Yarık lamba muayenesi yani binoküler mikroskop yardımı ile her iki gözü aynı anda muayene etmek mümkündür.

Bu mümkün değilse, ultrason muayenesi gibi daha ileri inceleme seçenekleri mevcuttur.

Hastalıklar

Fundus hastalıkları çok çeşitli olabilir ve farklı yapıları etkileyebilir. Retina hastalıklarına retinopatiler denir.

Retinanın yaygın bir hastalığı, dabetik retinopati diyabet bağlamında ortaya çıkabilir. Retina dekolmanı veya kanamaya yol açabileceğinden erken körlüğün en yaygın nedenidir. Bu nedenle, şeker hastalarının teşhis konulduğu andan itibaren düzenli oftalmolojik muayenelere gitmeleri ve gerekirse bir ameliyat geçirmeleri önemlidir.

Ayrıca retinayı besleyen damarlar da olabilir. Vasküler tıkanmalar gel. Bu genellikle yüksek tansiyon, diyabet, kardiyovasküler sistem hastalıkları ve glokom bağlamında olan hastalarda olur. Tercih edilen tedavi, kan akışının restorasyonu veya iyileştirilmesidir.

Diğer bir klinik tablo retina dekolmanıdır (ablatio retinae). Bu, yeterince tedavi edilmezse görme bozukluğuna ve hatta körlüğe yol açabilir. Sebepler çok değişkendir, örneğin gözdeki kıymıklar gibi göz yaralanmaları veya morluklar buna yol açabilir.
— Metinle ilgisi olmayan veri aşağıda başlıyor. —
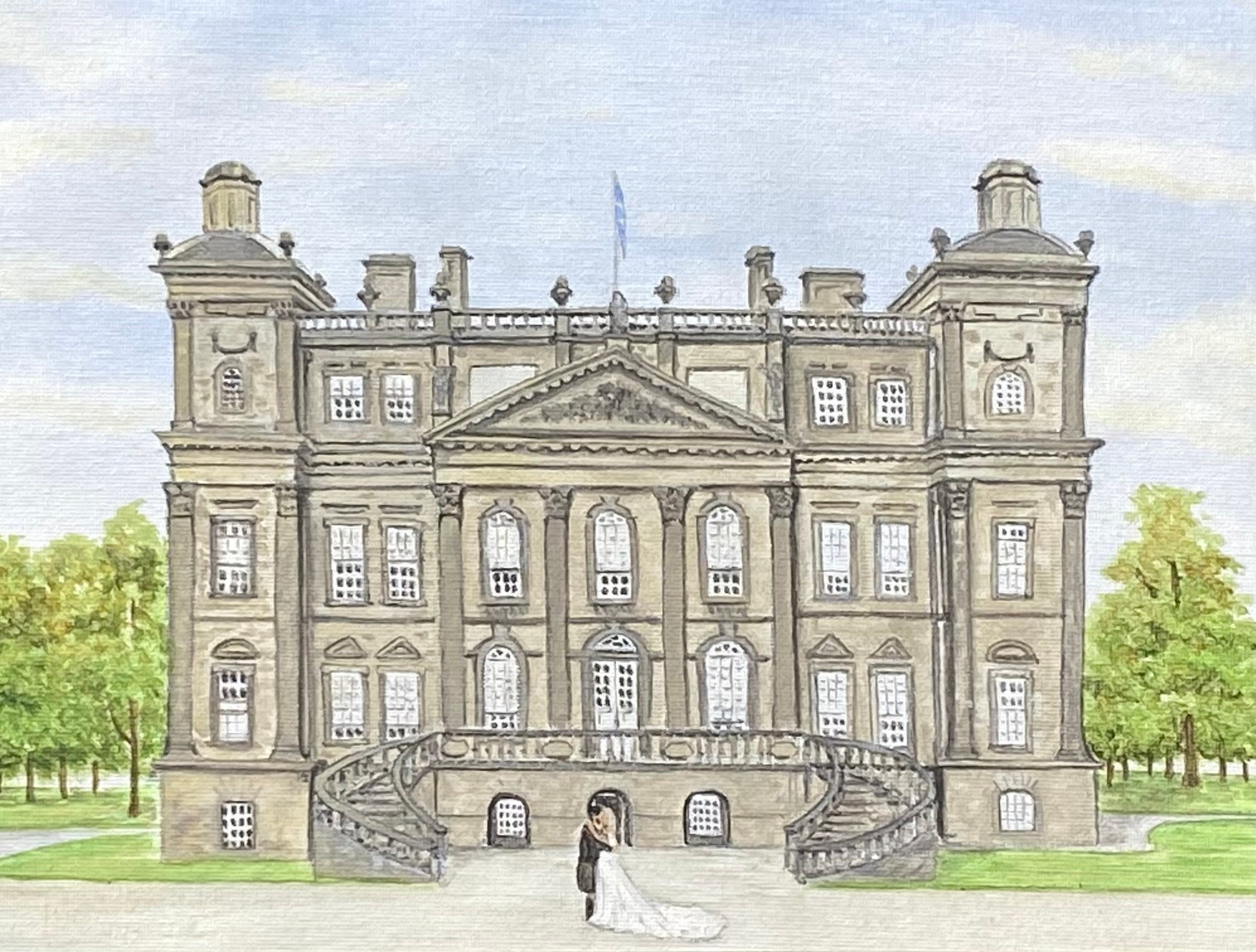 Allow me to capture a couple’s most special celebration with a timeless memento of their Wedding Venue. In addition the bridal couple can be included in the illustration in a unique style.

Tedavi lazerle veya hasar daha büyükse cerrahi olarak yapılabilir.

Retina dekolmanı daha az dramatik bir klinik tablodur, ancak hastalık sırasında retina dekolmanına da yol açabilir.

İlerleyen yaşla birlikte, yaşlılıkta körlüğün en yaygın nedeni olan yaşa bağlı makula dejenerasyonu nihayet ortaya çıkabilir. Hastalar görme keskinliğinde azalma ile görmede kademeli bir bozulma olduğunu bildirir. Bir yandan lazer tedavisi ile görsel yardımlar veya destekleyici ilaç tedavisi seçeneği var.

Fundusu etkileyen bir başka hastalık grubu da iltihaptır. Enfeksiyonları erken bir aşamada tanımak ve gerekirse daha fazla hasar görmesini önlemek için bunları ilaçla tedavi etmek önemlidir.

Genellikle genç erkekleri etkileyen bir durum, Korioretinopati centralis serosa. Bu, farklı boyutlarda görsel kayba yol açar Seröz sıvı birikmesi fotoreseptörler arasında. Bu klinik tablo stresli durumlarla ilişkilidir ve genellikle ilk ortaya çıktığında kendiliğinden iyileşir.

Ayrıca gözün arkasında her yaş grubunda görülebilen tümörler vardır. Bunlar hem iyi huylu hem de kötü huylu olabilir ve mümkünse çıkarılmalı ve / veya ışınlanmalıdır.

Son olarak, retinanın kalıtsal ve doğuştan hastalıkları da vardır, ancak bunlar genellikle semptomların çok erken başlamasıyla ilişkilidir. Ne yazık ki, nedensel bir tedavi ancak çok az durumda mümkündür.